» Records for processing:
════════════════════
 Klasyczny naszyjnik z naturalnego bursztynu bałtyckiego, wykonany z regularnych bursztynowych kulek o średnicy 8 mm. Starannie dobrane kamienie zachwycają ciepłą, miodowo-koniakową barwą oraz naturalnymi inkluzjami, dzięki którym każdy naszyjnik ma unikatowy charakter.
════════════════════
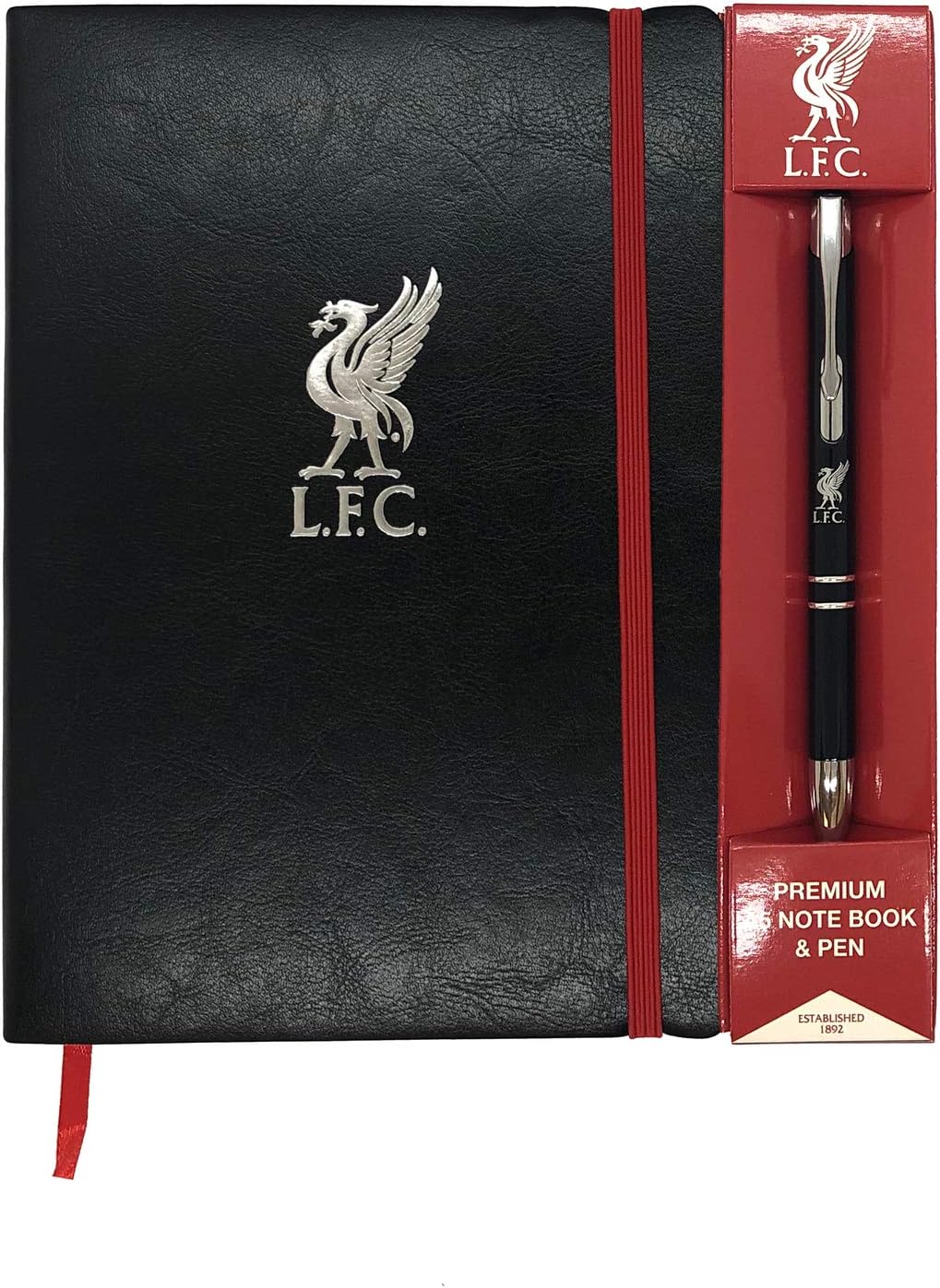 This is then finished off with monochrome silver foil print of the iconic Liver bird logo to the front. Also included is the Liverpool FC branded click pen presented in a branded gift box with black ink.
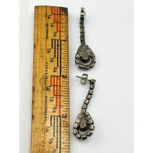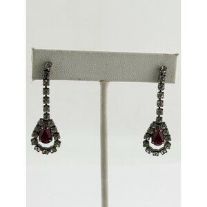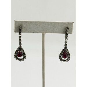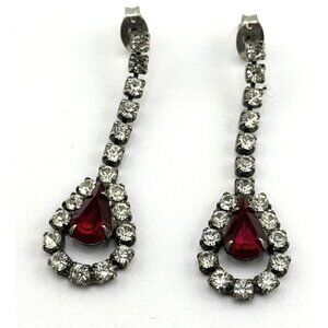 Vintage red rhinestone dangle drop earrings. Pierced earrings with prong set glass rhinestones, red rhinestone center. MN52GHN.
════════════════════
Using the records above, return verbatim only the part that opens with the line containing "This is then" and closes with the line containing "Vintage red rhinestone"; pictures stay out.

» Result:
 This is then finished off with monochrome silver foil print of the iconic Liver bird logo to the front. Also included is the Liverpool FC branded click pen presented in a branded gift box with black ink.
 Vintage red rhinestone dangle drop earrings. Pierced earrings with prong set glass rhinestones, red rhinestone center. MN52GHN.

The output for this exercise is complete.